Когда Михал Афанасьич удалился, Михал Юрьич затравленно поглядел на веснусчатого Ерохина, ковыряющего в носу на первой парте, затем положил портфель на стол и, видимо, из чувства самосохранения глядя куда-то в пересечение задней стены с потолком, начал говорить нудным бесцветным голосом:
- Итак, товарищи, вы уже знаете, что с этого года в школе повсеместно проводится школьная реформа. Что это значит для нас с вами? Во-первых, прежде всего, это более, так сказать, оптимальное распределение нашего с вами времени. Занятия будут теперь начинаться не в восемь тридцать, а в девять тридцать. Заканчиваться же они будут не в два пятнадцать, а в двенадцать десять. Это сделано, так сказать, для того, чтобы дать учащемуся возможность более целеустремленно подходить к процессу обучения, больше читать литературы, больше заниматься спортом, решать больше, так сказать, математических и физических задач.
Как показали последние исследования методистов нашего министерства, фактор учителя подлежит стиранию, ибо, как давно известно, учитель уже много веков подспудно умирает или умерщвляет себя в процессе обучения, стремясь раствориться в этом процессе. Идеальный же учитель представляет собой некое эфемерное alter ego – скорее наблюдатель, нежели судья, скорее учащийся, нежели учитель. Он удивленно смотрит со стороны на, так сказать, процесс обучения, не делая попыток создать какие-либо оппозиции, будь-то оппозиции между отличниками и двоечниками, или оппозиции между, грубо говоря, добром и злом.

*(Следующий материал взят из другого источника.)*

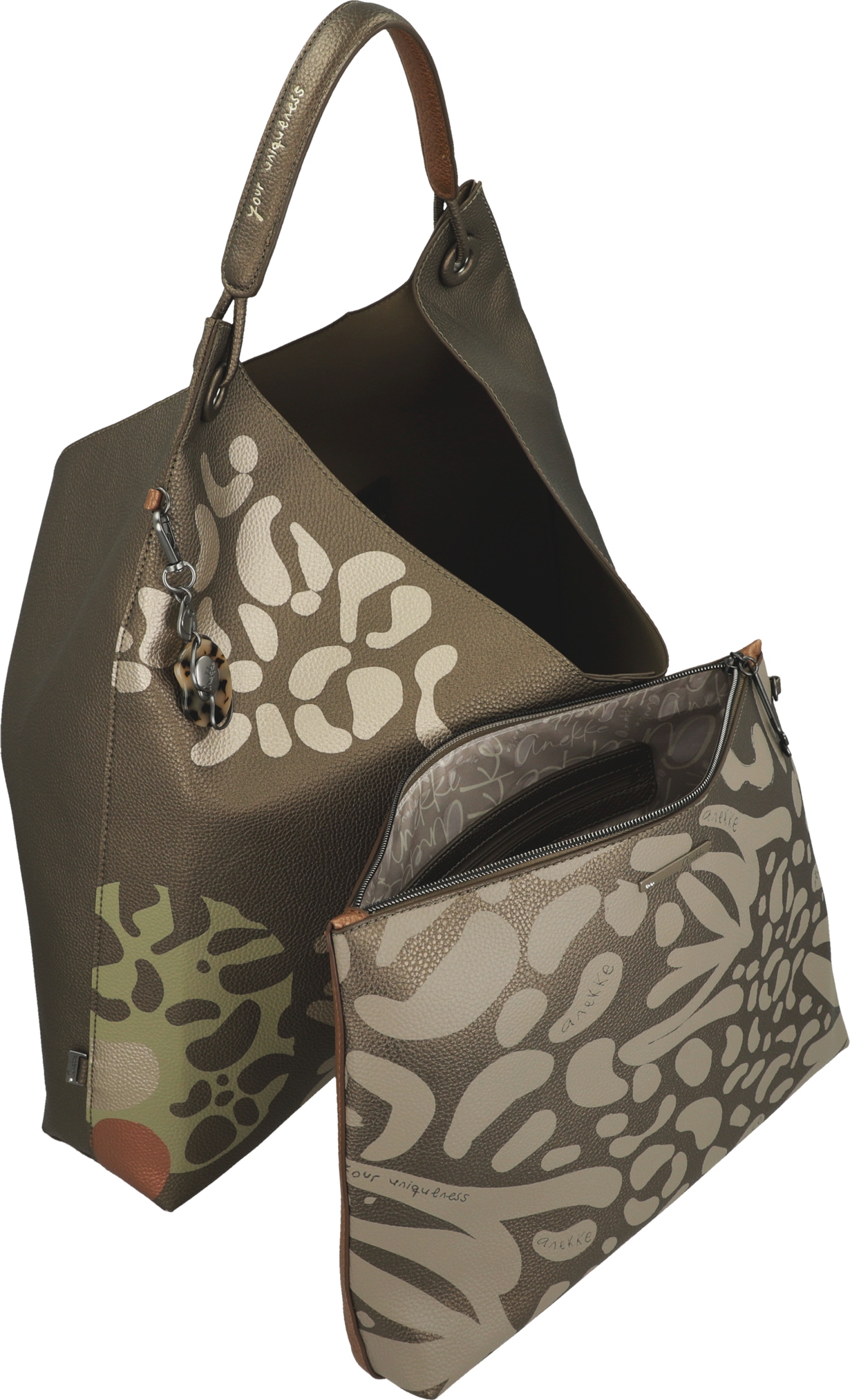 Torebka Anekke Gaia składa się z dużego, miękkiego worka na ramię w stylu boho oraz umieszczonej w jego wnętrzu mniejszej wkładki – torebki pełniącej funkcję kosmetyczki. Dzięki temu zyskujesz dużą, pojemną przestrzeń na co dzień oraz mniejszą, bezpiecznie zamykaną część na najważniejsze drobiazgi. Wewnętrzna wkładka zapinana jest na zamek błyskawiczny, co zapewnia wygodę i bezpieczeństwo przechowywania.

Что же, товарищи, это означает применительно к литературе? Ну, в частности к великой русской литературе? Недавние исследования убедительно продемонстрировали нам тот факт, что в каждом художественном произведении есть определенная мысль, причем, мысль изреченная, зачастую, в самом произведении. Это, товарищи, тот случай, когда целое тождественно любой своей части. Именно тождественно, а не изоморфно, как утверждалось ранее. Углубляясь в эту тему, можно было бы упомянуть о том, что то же самое постулирует и так называемая современная физика.
Из чего состоял курс литературы в предыдущие годы. Как известно, он имел двоякую природу. Во-первых, конечно, изучались сами произведения, в виде сокращенном по причине уже упомянутой изоморфности. И, во-вторых, изучались авторы, их биографии, ситуативный, так сказать, контекст написания того или иного произведения, их идейные и эстетические посылки, их отношения с социумом и с самими собой.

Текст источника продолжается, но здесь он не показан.